Июньским утром на Красной площади стоял седой человек.
Площадь готовилась к открытию книжной ярмарки. Ветер от Москвы-реки хлопал фиолетовыми флагами и подолами длинных шатров, укрывавших торговые ряды. За час до начала ярмарки в дорожной сумке на колёсиках человек привёз последние номера своей литературной газеты, разгрузился у крошечного лотка и стоял теперь в проходе между рядами.
С осени 1993 года он ни разу не был здесь и вообще старался не ездить в центр, а теперь с ненавистью вглядывался в видневшийся слева шпиль Сенатской башни. Ему казалось, там, в Кремле, оградившись крепостными стенами с бойницами, обитают волосатые чудовища из гнилой плоти, разорвавшие на части его страну, той проклятой осенью стрелявшие в его народ. В этом году, наверно, расщедрившись после Крыма, его Союзу писателей, четверть века выживавшему из последних сил, безвозмездно выделили лоток на всероссийской ярмарке. Решили подкормить, с ненавистью думал он, хотят, чтобы мы забыли ту осень. Или чувствуют, что кроме нас, патриотов, опереться им не на кого. Человек не верил власти, и в том, что он, бедный русский писатель, стоит здесь и стоит по праву, ему чувствовался вызов.

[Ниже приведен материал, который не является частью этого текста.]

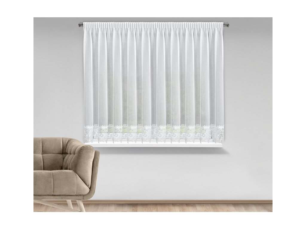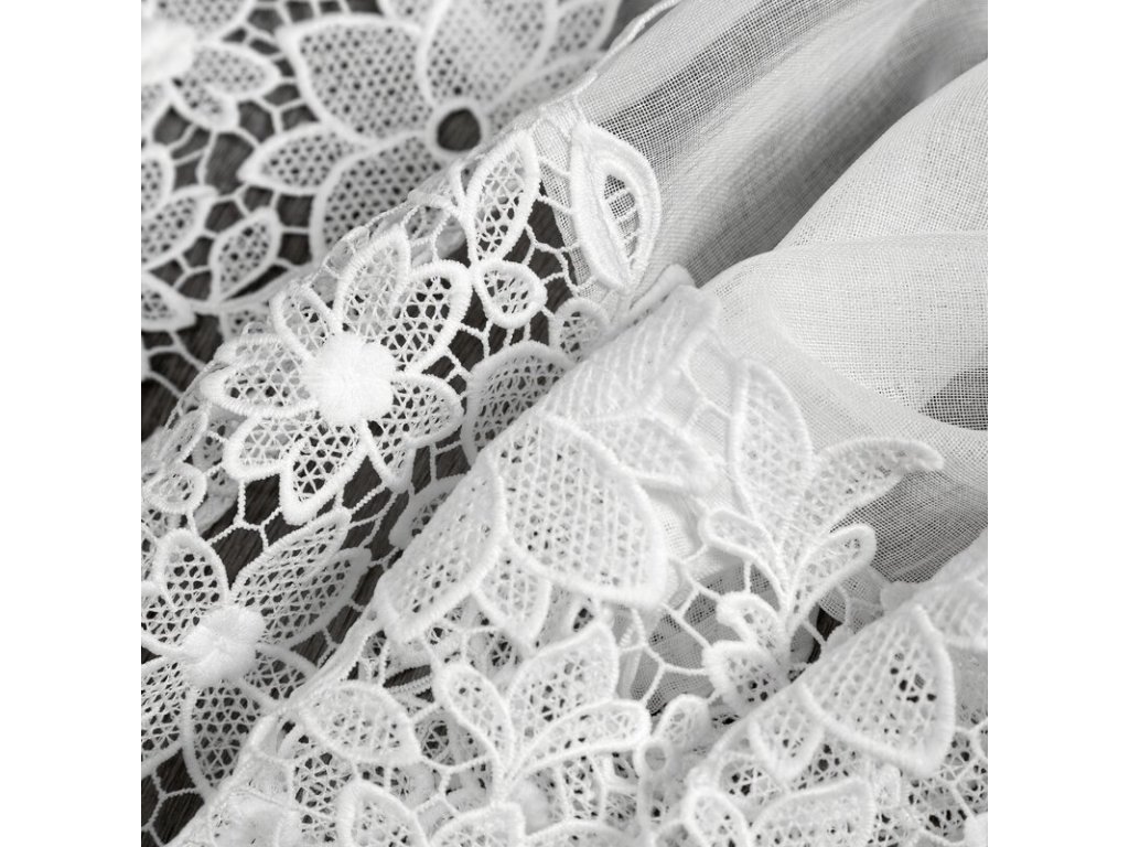 Ľahká, vzdušná látka v kombinácii s dekoratívnym čipkovým pásom vytvára harmonický celok, ktorý do interiéru prináša svetlo, ľahkosť a sofistikovaný detail. Transparentný materiál prepúšťa prirodzené denné svetlo, no zároveň zjemňuje pohľad do miestnosti a vytvára príjemnú atmosféru súkromia.

Неподалёку собирались люди, некоторых из них он узнавал – вот сгорбленный старичок, написавший повесть, которую раньше изучали в школе. Рядом с ним женщина, ярко накрашенная, нервно сжимающая руки – огромные залы собирались на её вечера в советское время. Пришедшие стихийно организовались, встали полукругом прямо в проходе перед лотком и принялись по очереди читать стихи. Человек примостился неподалёку и слушал, прикрывая глаза.
Справа внизу живота сильно и навязчиво болело. Жена с утра уговаривала выпить таблетку, но он отказался: в этот день нужно было сохранить сознание чистым. Ему хотелось верить, что опричники в чёрных бронежилетах сейчас отодвинут железные засовы, и на площадь хлынут люди, изголодавшиеся по настоящей литературе – а тут они, писатели, несломленные, вышедшие из забвения. И тогда не зря все эти годы терпели, издавали книги за собственные копейки, хранили правду. Может, этим и страну, дремлющую под глянцем, сохранили… Человек отходил к лотку, придирчиво осматривал, что выставлено в первый ряд, поправлял пачку своей газеты и опять возвращался к выступающим.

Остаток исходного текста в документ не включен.